Confinement, semi-confinement, fermeture… Dans le monde entier, la pandémie de coronavirus continue d’avoir des effets économiques néfastes, tout particulièrement sur le tourisme. Une branche dans laquelle beaucoup de Suisses de l’étranger sont actifs.
Ruth Isenschmid en fait partie. «Le plus simple pour moi, ce serait de tout abandonner et de vivre de mon AVS», déclare-t-elle. En tant que Suisse de l’étranger, elle a pu cotiser au système suisse de retraite au cours de ces 20 dernières années. Sa pension est certes modeste, mais elle assure désormais sa survie financière.
Pédagogue sociale de formation et âgée aujourd’hui de 68 ans, Ruth Isenschmid exploite son propre hôtel à Dakar. Celui-ci est situé sur la deuxième rangée de bâtiments depuis la mer. La capitale sénégalaise n’est pas connue comme un haut-lieu du tourisme, mais elle est très populaire auprès des voyageurs d’affaires.
Plus de touristes depuis mars
«Je reçois des hôtes du monde entier», se félicite Ruth Isenschmid. En outre, le Sénégal est très prisé des touristes francophones. Il y a quelques années encore, l’aéroport était tout proche, de sorte que de nombreux touristes séjournaient dans son hôtel. «Mais maintenant, l’aéroport est en dehors de la ville», précise-t-elle.

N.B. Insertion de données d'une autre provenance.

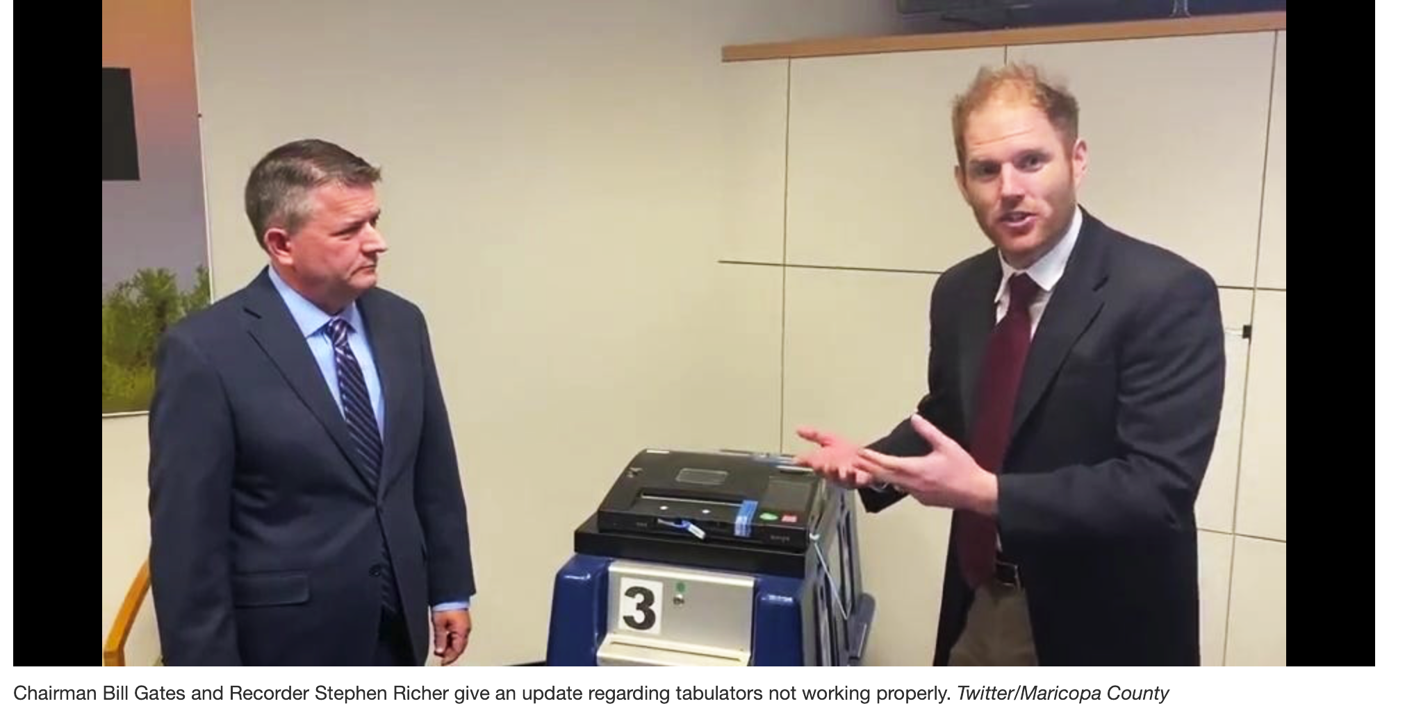 Chairman Bill Gates and Recorder Stephen Richer give an update regarding tabulators not working properly.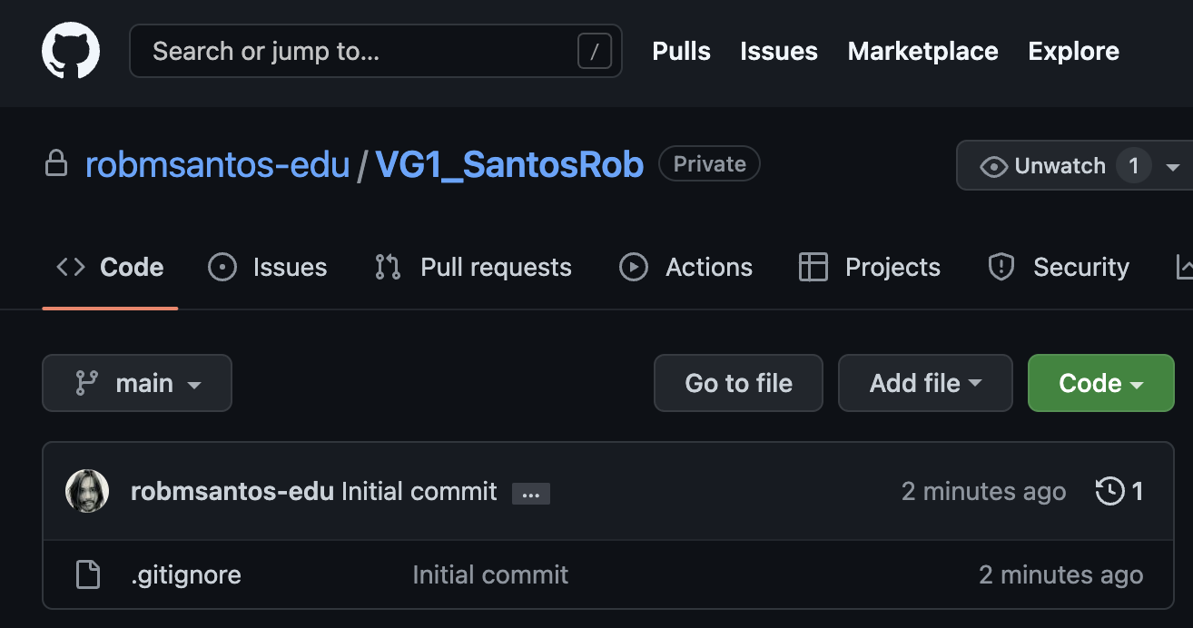 Once you've created your repository, you will arrive at a page listing all of the files currently in your repo. Notice that it is just the single gitignore file. We are going to make a change to this gitignore file to make it more flexible for our class needs. Click the file to explore its contents.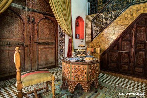 L’hotel che abbiamo scelto, il Palais De Fès Dar Tazi, è un tipico palazzo antico a conduzione familiare e infatti l’accoglienza è molto calorosa. Le stanze ci fanno subito immedesimare nella vita marocchina e dopo aver sistemato i bagagli, anche se tardo pomeriggio, decidiamo di immergerci subito della Medina e cercare un luogo per mangiare la sera.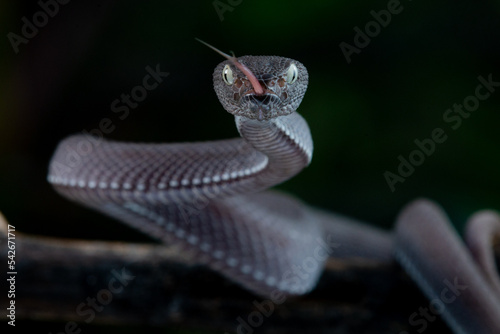 © Ralfa Padantya, Obraz premium A black male mangrove pit viper snake Trimeresurus purpureomaculatus on attacking position with dark bokeh background

Reste que l’année 2020 a été difficile. Le pays a été fermé de mars à juillet. Il avait en effet interdit l’entrée du pays aux touristes étrangers, à l’exception des voyageurs en provenance d’Afrique. «Du jour au lendemain, tous mes revenus ont disparu», se lamente-t-elle.
Par chance pour elle, quatre Congolais travaillant pour un projet allemand à Dakar sont restés provisoirement bloqués dans son établissement. Leur employeur européen a continué de payer leur hébergement. Une retraitée belge est également demeurée auprès d’elle. «Avec l’argent qu’elle aurait dépensé pour son vol de retour, elle a pu vivre quelques mois avec moi», raconte Ruth Isenschmid.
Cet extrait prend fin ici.